Öte yandan STK’larda da doğru işe doğru profesyonel veya gönüllü alımı kritiktir. STK’lar yapıları gereği hem gönüllü hem profesyonellerle çalıştıkları için görev tanımlarını oluştururken bu durumu dikkate almalıdırlar. Özellikle gönüllüler için görev tanımlarının yapılmaması sonucunda, ya gönüllülerin yapacakları işler belirsiz olmakta ya da gönüllüye uygun görevler verilememektedir. Bu durum da gönüllülerin motivasyonunun düşmesine sebep olan temel faktörlerin başında gelmektedir. Bu yüzden rol, görev ve sorumluluklar vaktinde uygun ve makul biçimde düzenlenmezse, sonraki zamanlarda daha derin ve zor sorunlar olarak STK’ları meşgul etmektedir.

“Özellikle gönüllüler için görev tanımlarının yapılmaması sonucunda, ya gönüllülerin yapacakları işler belirsiz olmakta ya da gönüllüye uygun görevler verilememektedir.”


Yönetim ve Organizasyon başarısı için bazı gereklilikler

STK’ların yönetim hususunda başarılı olabilmeleri için yönetim ve organizasyon altyapısının
iyi kurulmuş olması ve nitelikli yöneticilerin istihdamı ve doğru yönetim yaklaşımlarının uygulanması gerekmektedir.

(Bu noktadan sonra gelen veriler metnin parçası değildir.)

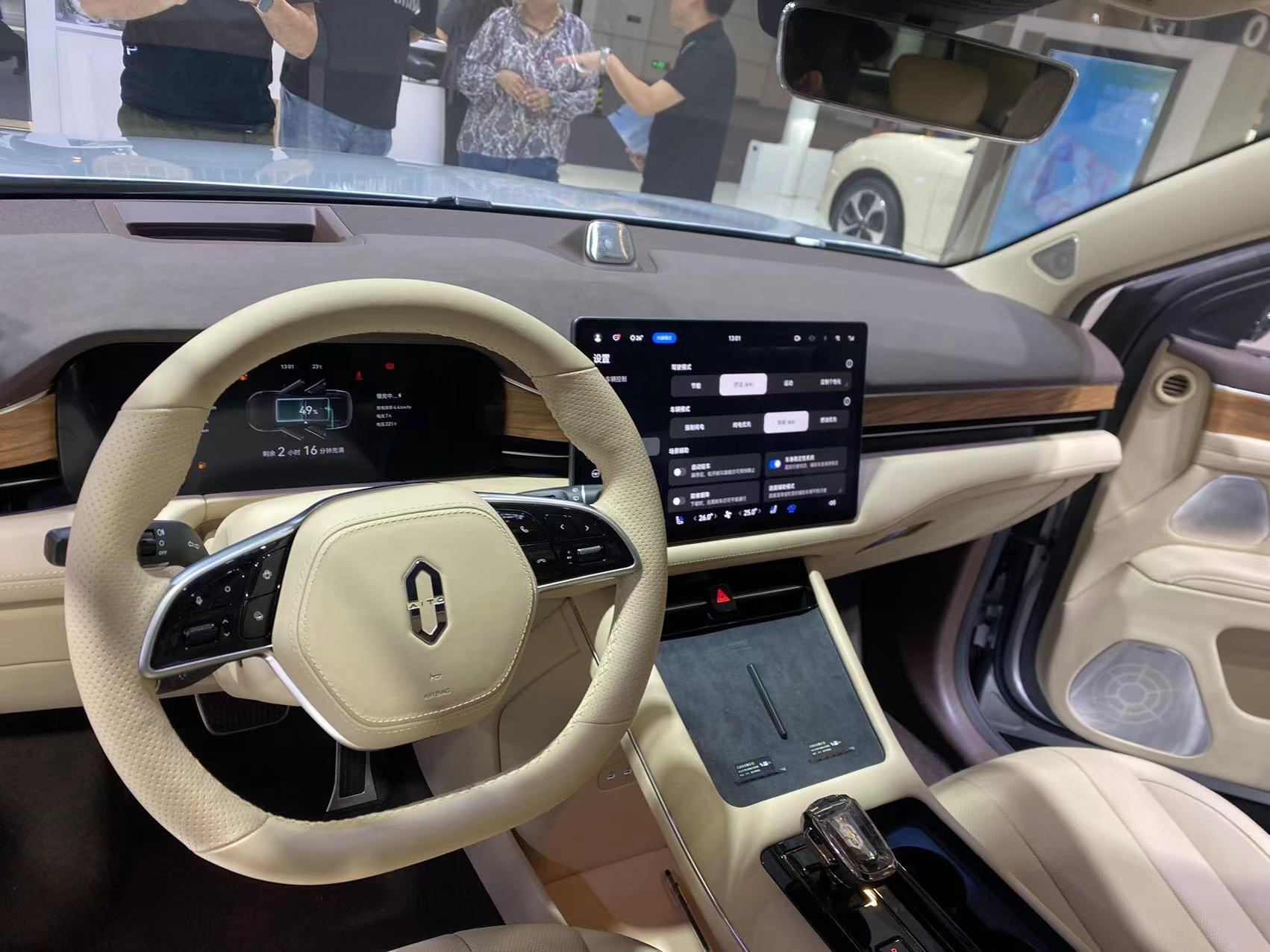 進入車內(nèi),新車極簡的設(shè)計風格依舊充滿時尚氣息,其中僅針對方向盤的配色進行了微調(diào)。10.25英寸曲面全液晶儀表盤和15.6英寸中控屏取代了絕大部分的物理實體按鈕,從而也彰顯出不俗的科技氛圍。此外,該車將提供3種內(nèi)飾配色方案可供用戶選擇,分別為韶華杏、琥珀棕和極夜黑。
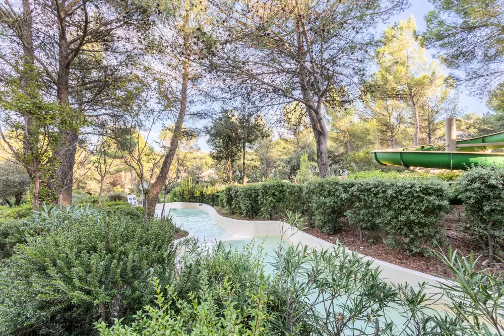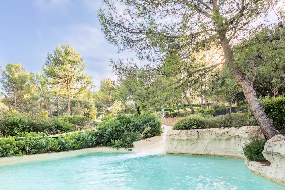 Ici, la Provence rime aussi avec abondance. Les espaces aquatiques sont répartis dans tout le village et sont adaptés à toute la famille : détente au bord d'une piscine chauffée avec plage aménagée, glissades sur le double toboggan Fantasy Racer, descentes de la rivière sauvage, piscine à vagues, pataugeoire avec jeux d'eau et bien d'autres encore. (En septembre, seulement la piscine des Rochers sera ouverte).

STK’larda kurumsal yönetim altyapısı genel olarak aşağıdaki temel bileşenlerden oluşur: Stratejik yönetim yaklaşımı, organizasyonel yapı, görev tanımları ve iş gerekleri, iş akışları (süreçler), performans göstergeleri (kurumsal karne), toplantı yönetimi sistemi ile raporlama sistemi. Bu kurumsal altyapının tamamlayıcı bir unsuru ve başarı şartı ise nitelikli yöneticiler ve uygun yönetim tarzıdır. Yönetici yetkinlikleri kapsamında STK’ların yönetiminde liderlik, motivasyon, iletişim ve takım yönetimi gibi davranışsal yetkinliklerin altı çizilmelidir.

STK’larda yönetim ve organizasyon bakımından tek bir yaklaşımdan bahsetmek mümkün değildir. Yönetim ve organizasyon tasarımında kurumların içinde bulunduğu koşullara göre farklılık olmalıdır. Bazı STK’lar daha esnek bir yapı gerektirirken, bazılarında daha belirgin kural ve standartlar bulunabilir. Bununla birlikte günümüzde temel bir anlayış olarak STK’ların mümkün olduğu kadar organik ve çevik organizasyon yapılarına ve işleyişine imkân veren biçimde yapılanması kritik bir husustur. STK’larda yönetim yaklaşımı olarak ortak aklı harekete geçiren ve katılımcılığı sağlayan yönetim tarzlarının hem istişare hem de gönüllülük bakımından daha uygun ve etkili olduğunu söyleyebiliriz. Tüm bunlar STK’ların gönüllülük temelinde organize, verimli ve sürekli çalışmayı sağlayabilmeleri için kapasite, yetkinlik ve performans meselesine önem ve öncelik vermelerini gerektirmektedir.


Editör Notu: Bu yazı İLKE Vakfı bünyesinde kurulan TODAM (Toplumsal Düşünce ve Araştırma Merkezi) tarafından yayımlanan aylık bültenlerin Nisan 2021 tarihli sayısında röportaj halinde yer almıştır.
İLKE Analiz için editör tarafından yazıya dönüştürülmüştür.